- [WHAT YOU ARE ASKED TO DO]: Since the listing below shows pictures, leave them out and write out exactly the lines from the line with "Featuring mandrel-bent 2.5in" to the line with "制作提示:当用电钻在塑料材质", both included, and no others.

- [DATASET RECORDS]:

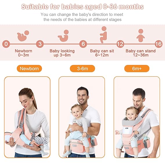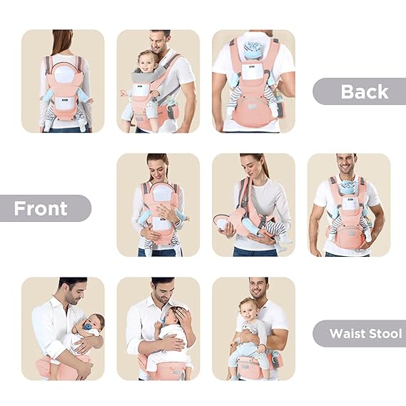 [Versatile Baby Carrier: This baby carrier offers 3 combinations and 6 wearing styles perfectly accommodating baby and toddler from 0-36 months. Whether you are hiking or traveling carry the baby on your front or back to free hands and focus on other things Ergonomic Design: The baby toddler carrier with hip seat utilizes an ergonomic "M" shape design with a waist belt for your baby. This allows baby\s legs to bend naturally promoting a comfortable and natural posture while also supporting healthy hip spine and leg joint development Large Storage Pockets: This baby carrier has ample storage space on both sides of the waist and under the seat which can easily accommodate essentials such as bottles mobile phones keys and diapers making it your carry-on diaper bag Adjustable & Velcro Waist Belt: Extra long waistband can be adjusted from 29 inches to 50 inches with Velcro and buckle providing parents with personalized fit. With a maximum weight capacity of 33 pounds this newborn carrier can evenly distribute weight minimize back strain and protect your spine Breathable Mesh Fabric: This baby hip carrier is made of breathable 100% mesh polyester Brazilian fabric to ensure comfort and breathability. After rigorous testing all materials are safe and reliable giving you peace of mind]
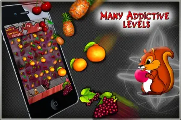- Animated squirrels clears all fruits in a row or column, if you excite them with a nice combo of fruits adjacent to them
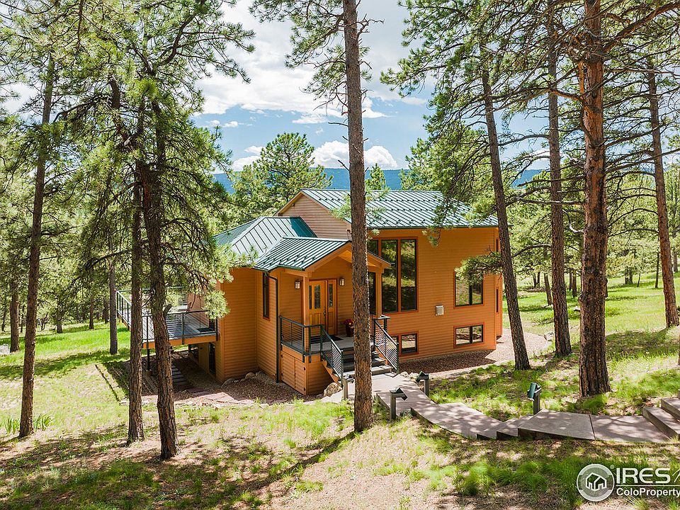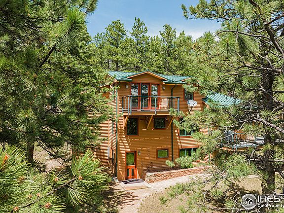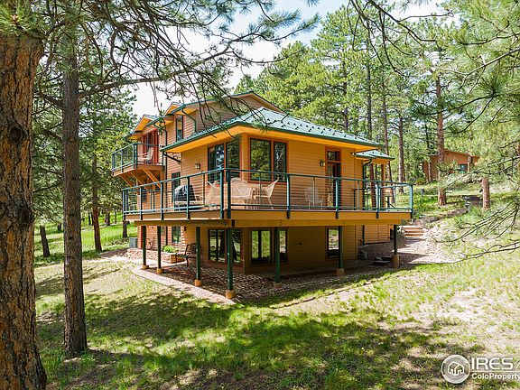 Impeccably maintained & incredibly private mountain oasis set-back on nearly 3-ACRES w/ lovely landscape/rock-outcroppings, just 15 mins to Boulder! The pristine home was completely renovated down to the studs in 2001 w/ No Detail Left Behind & offers custom touches thru-out. A Multi-purpose 800 SQFT det. workshop/outbuilding is fully finished, heated & has oversized garage door ideal for boat/RV parking. Cozy interior w/ radiant & baseboard heating, vaulted ceilings, wood flooring, maple wood trim & windows galore that bring the outdoors in. Custom kitchen w/ Lg center island, slab granite counters, custom maple cabinetry & SS KitchenAid appl. opens to dining area, living room w/ fireplace & TREX deck w/ stainless steel cable railings. Spacious upper floor primary suite w/ balcony, 5-PC bath & 2 walk-in closets. Walkout lower level offers 2nd BDRM, Bath & 2 office spaces, 1 of which could easily be converted to 3rd BDRM. 2-CAR det-garage is fully insulated w/ loft space for storage.
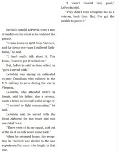 When he came back from Vietnam, LePotvin says that he was sent to Fort Bragg, Virginia and after that he was sent to Cyprus while he was assigned to the United Nations special forces.
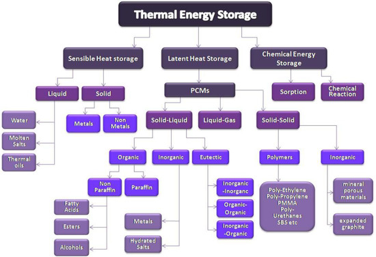 Energy storage systems aim for the conversion of energy into a form that can be stored in order to be used when there is necessity. Thermal energy storage system is a type of a sustainable energy storage system that is based on the utilization of materials that can store thermal energy when increasing their temperature and release it when the temperature is reduced. There are three types of TES systems: sensible heat, latent heat, and chemical storage system (Figure 1). The present work presents latent heat storage systems using PCMs [8,9].
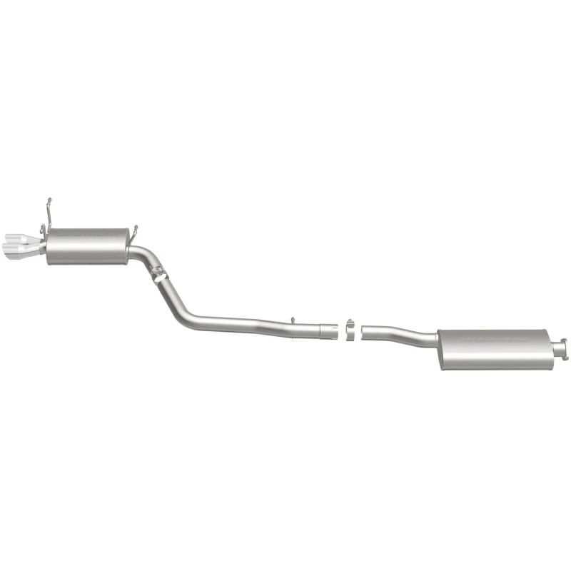 Featuring mandrel-bent 2.5in main piping and 2 Straight-Through mufflers, this exhaust system is engineered to provide a smooth, deep sound and improved performance. The dual rear exit design with 3in polished welded-double wall-angle cut-folded edge tips adds a sporty touch to your vehicle's appearance.
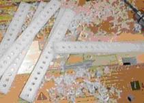 制作提示:当用电钻在塑料材质上打眼时,由于塑料导热能力低,常常使钻头过热,导致钻头退火和打的眼被高温烧变形,所以一定要钻头打眼要沾水。
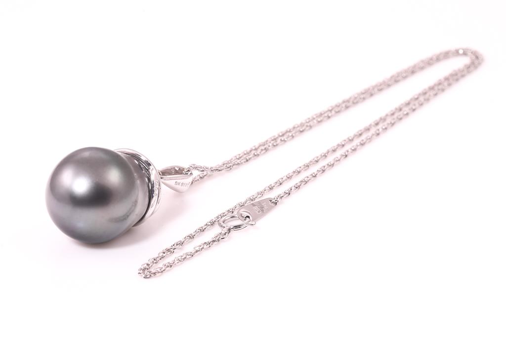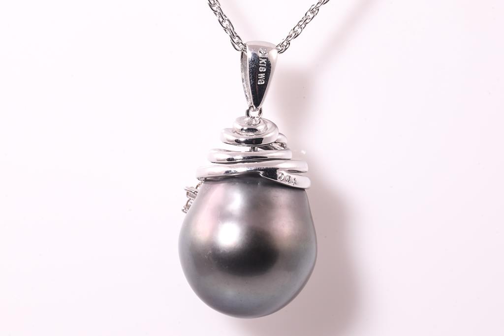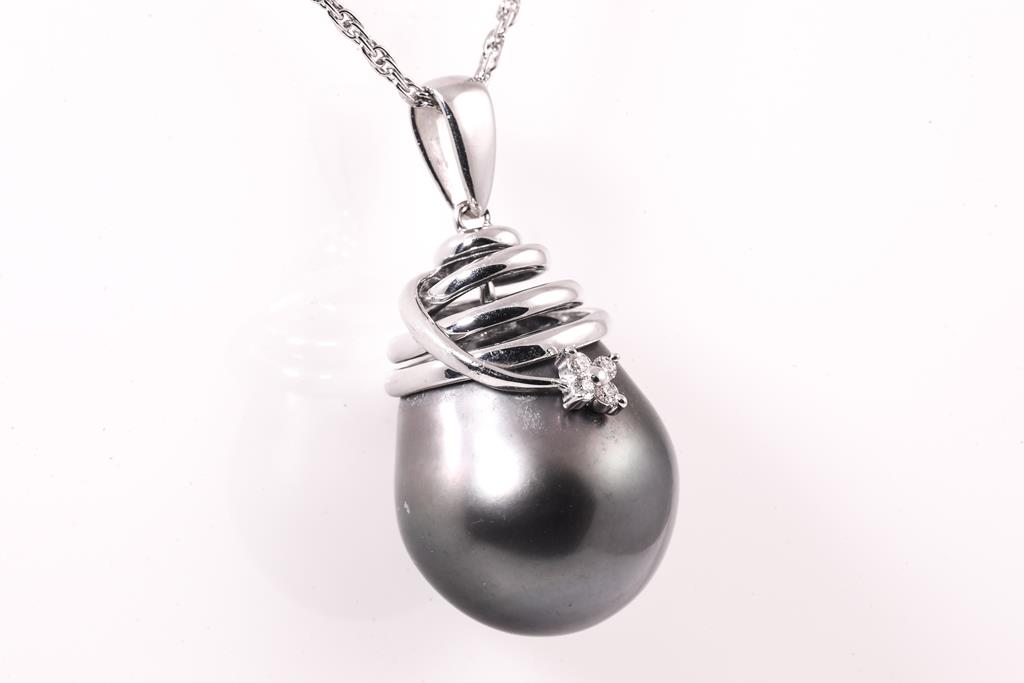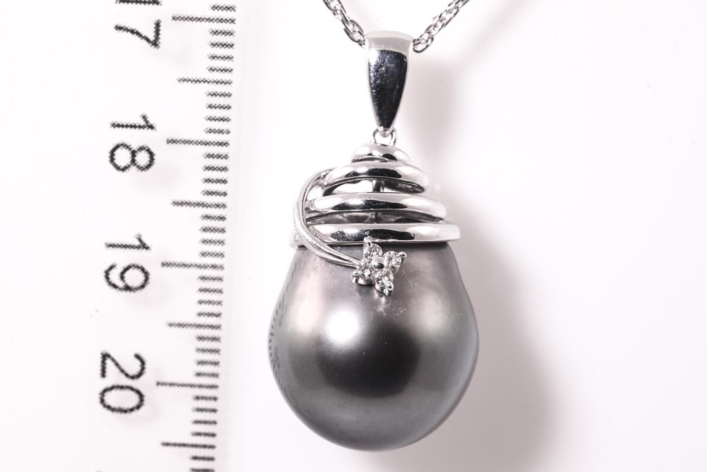 Tasaki Pearl and Diamond pendant with drop shape Tahitian Parl of 16.7mm and round Diamonds totalling 0.04cts. 18ct white gold with 40cm platinum chain. Weight: 14.2g. (Pre-owned)

- [SOLUTION FOR THIS PROBLEM]:
 Featuring mandrel-bent 2.5in main piping and 2 Straight-Through mufflers, this exhaust system is engineered to provide a smooth, deep sound and improved performance. The dual rear exit design with 3in polished welded-double wall-angle cut-folded edge tips adds a sporty touch to your vehicle's appearance.
 制作提示:当用电钻在塑料材质上打眼时,由于塑料导热能力低,常常使钻头过热,导致钻头退火和打的眼被高温烧变形,所以一定要钻头打眼要沾水。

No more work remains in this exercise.